- **What needs to be done**
Print, from the listing below, the lines starting at the line containing "Настенная лампа Esther" and ending at the line containing "Состав: хризантема кустовая", exactly as they stand, and print nothing else.

- **Available data**
----
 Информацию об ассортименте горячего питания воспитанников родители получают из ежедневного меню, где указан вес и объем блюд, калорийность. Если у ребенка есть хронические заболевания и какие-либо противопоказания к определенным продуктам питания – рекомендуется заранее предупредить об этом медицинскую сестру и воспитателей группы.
----
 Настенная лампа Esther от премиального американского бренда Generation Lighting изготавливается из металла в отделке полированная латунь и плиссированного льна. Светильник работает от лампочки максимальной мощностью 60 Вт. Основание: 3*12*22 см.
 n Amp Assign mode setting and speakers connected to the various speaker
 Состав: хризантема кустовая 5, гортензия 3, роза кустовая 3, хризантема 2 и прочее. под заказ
----
- **Expected answer**
 Настенная лампа Esther от премиального американского бренда Generation Lighting изготавливается из металла в отделке полированная латунь и плиссированного льна. Светильник работает от лампочки максимальной мощностью 60 Вт. Основание: 3*12*22 см.
 n Amp Assign mode setting and speakers connected to the various speaker
 Состав: хризантема кустовая 5, гортензия 3, роза кустовая 3, хризантема 2 и прочее. под заказ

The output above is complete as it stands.